Florac décide de lancer sur cette piste son jeune acolyte La Glu, un gamin débrouillard et ronchon à la gouaille toute parisienne...

« La lettre mortelle » est donc la première enquête du duo Florac et La Glu, une enquête initialement publiée sous la forme d’un fascicule de 128 pages en 1916 et contenant un récit d’un peu plus de 30 000 mots, soit l’équivalent de la seconde enquête (« L’affolante silhouette »), mais le double des suivantes.

On découvre donc ici Florac et La Glu bien que le duo soit présenté, notamment pour Florac, comme déjà auréolé de gloire.

La Glu est présenté comme un garçon de 17 ans, hébergé par Florac, un gamin gouailleur, ayant le langage des rues. Quant à Florac, la description est quasi inexistante.

Florac et La Glu sont donc lancés sur une double énigme : qui a tué le baron ? Et, surtout, pourquoi ? Mais cette double-énigme va très vite s’étoffer d’une chasse au trésor durant laquelle les deux policiers vont encourir de nombreux risques et ils vont échapper à divers attentats.

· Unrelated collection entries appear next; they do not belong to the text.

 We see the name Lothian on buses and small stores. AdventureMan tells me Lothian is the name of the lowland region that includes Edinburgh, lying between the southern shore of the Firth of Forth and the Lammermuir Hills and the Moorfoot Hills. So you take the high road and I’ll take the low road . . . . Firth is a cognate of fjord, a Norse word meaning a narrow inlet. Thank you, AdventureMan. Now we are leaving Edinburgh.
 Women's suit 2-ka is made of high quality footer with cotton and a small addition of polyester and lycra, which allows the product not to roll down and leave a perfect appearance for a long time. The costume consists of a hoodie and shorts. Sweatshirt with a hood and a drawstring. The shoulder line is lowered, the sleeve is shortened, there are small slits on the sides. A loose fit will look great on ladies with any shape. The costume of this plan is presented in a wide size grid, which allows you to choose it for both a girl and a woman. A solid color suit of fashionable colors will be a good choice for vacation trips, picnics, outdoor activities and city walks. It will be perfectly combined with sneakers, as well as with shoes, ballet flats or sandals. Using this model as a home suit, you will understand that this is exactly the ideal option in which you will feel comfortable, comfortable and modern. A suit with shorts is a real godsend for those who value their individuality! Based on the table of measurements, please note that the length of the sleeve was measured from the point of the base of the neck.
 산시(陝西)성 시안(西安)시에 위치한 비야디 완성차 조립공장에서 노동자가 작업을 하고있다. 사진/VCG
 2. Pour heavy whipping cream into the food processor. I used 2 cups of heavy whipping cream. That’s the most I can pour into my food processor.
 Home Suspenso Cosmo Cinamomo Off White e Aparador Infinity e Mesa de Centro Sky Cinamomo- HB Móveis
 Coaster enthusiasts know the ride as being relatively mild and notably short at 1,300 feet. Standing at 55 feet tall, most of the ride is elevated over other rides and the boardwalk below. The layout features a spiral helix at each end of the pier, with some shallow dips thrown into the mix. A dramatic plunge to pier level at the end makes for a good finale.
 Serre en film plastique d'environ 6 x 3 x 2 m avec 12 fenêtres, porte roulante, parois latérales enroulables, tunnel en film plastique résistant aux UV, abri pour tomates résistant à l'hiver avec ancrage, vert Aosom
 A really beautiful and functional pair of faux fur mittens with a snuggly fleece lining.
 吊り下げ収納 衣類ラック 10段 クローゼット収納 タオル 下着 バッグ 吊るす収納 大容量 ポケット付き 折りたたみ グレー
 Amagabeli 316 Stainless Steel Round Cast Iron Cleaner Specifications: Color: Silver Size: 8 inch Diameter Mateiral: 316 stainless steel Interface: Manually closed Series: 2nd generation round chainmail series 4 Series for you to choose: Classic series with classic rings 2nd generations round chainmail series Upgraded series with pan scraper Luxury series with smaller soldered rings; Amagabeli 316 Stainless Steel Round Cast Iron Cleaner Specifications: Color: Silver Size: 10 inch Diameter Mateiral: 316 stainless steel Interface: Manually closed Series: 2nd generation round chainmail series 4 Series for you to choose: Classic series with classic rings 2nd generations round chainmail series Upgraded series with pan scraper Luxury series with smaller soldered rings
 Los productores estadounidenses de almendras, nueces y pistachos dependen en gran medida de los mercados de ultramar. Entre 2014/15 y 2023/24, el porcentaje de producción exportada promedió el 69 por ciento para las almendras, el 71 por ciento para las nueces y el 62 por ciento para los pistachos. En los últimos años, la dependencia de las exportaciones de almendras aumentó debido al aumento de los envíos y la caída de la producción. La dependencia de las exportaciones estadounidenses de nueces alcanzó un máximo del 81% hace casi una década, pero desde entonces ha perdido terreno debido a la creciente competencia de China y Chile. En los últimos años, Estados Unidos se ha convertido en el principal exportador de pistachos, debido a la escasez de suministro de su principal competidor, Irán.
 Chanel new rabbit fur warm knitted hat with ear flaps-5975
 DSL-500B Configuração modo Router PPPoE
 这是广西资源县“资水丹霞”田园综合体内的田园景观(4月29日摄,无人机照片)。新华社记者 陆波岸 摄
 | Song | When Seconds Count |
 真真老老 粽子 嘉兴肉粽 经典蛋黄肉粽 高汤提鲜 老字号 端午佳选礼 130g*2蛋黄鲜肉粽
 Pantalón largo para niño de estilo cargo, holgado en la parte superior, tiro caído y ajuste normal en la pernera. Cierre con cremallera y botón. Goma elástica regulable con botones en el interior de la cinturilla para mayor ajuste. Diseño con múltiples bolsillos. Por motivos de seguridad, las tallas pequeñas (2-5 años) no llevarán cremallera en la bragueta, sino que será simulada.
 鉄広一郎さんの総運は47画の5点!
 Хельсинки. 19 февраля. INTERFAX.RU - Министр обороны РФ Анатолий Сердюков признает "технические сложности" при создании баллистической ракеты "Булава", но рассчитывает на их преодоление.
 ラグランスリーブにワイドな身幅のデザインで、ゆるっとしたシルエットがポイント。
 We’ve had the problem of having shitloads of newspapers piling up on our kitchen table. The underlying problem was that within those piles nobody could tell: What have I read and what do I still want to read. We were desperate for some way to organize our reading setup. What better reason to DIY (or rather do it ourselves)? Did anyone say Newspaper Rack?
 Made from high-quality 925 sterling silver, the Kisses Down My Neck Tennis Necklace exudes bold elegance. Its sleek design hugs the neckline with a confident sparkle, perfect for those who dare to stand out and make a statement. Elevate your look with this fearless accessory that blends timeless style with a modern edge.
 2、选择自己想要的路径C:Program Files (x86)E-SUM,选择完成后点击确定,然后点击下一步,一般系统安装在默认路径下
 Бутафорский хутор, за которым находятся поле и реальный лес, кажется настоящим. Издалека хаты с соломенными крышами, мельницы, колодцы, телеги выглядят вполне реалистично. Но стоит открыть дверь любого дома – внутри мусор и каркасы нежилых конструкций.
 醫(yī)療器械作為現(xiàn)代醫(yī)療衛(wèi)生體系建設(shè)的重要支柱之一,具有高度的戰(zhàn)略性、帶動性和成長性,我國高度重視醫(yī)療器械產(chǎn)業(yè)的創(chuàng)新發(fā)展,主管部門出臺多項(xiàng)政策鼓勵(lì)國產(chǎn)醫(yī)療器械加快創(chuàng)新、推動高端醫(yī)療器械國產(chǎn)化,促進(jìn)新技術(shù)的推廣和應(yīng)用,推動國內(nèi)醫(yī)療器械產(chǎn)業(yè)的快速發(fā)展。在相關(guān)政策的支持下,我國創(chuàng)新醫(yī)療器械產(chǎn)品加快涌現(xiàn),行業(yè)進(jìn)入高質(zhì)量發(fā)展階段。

Bien évidemment, si le mystère semble au cœur de l’intrigue et si Florac déploie ses dons de perspicacité, le récit, lui, est plutôt empreint d’aventures et d’actions que de réflexions, un peu à l’image des productions fasciculaires de l’époque.

Pourtant, force est de constater que la plume de l’auteur n’a pas tant vieilli que cela (moins, en tout cas, que celle de beaucoup de ses confrères), surtout pour un texte datant de 1916, provenant d’une collection où les textes sont souvent désuets.

De plus, Marcel Vigier n’hésite pas à manier l’humour, comme il le fera dans les autres enquêtes, surtout au travers du personnage de La Glu, mais il active, cette fois-ci, les zygomatiques, surtout à travers d’un autre personnage, celui de Archibal Broughton, un milliardaire américain excentrique qui, avec son français approximatif, sa bonne humeur permanente et son obsession de tout vouloir acheter, se révèle à la fois très drôle et très attachant.

Pour le reste, le récit semble un peu s’étirer par moment (notamment à travers la scène finale) sans que je ne sache si cette impression est plus due à la lecture elle-même ou a la comparaison avec la lecture des autres titres de la collection (il faut dire que les fascicules de 128 pages ont très vite été remplacés, dans la collection d’origine, par des fascicules moins épais pour finir par des fascicules de 32 pages)

Au final, une première aventure agréable à lire où l’on découvre un duo de policier attachant, notamment avec le personnage de La Glu, au travers une intrigue se transformant en chasse au trésor.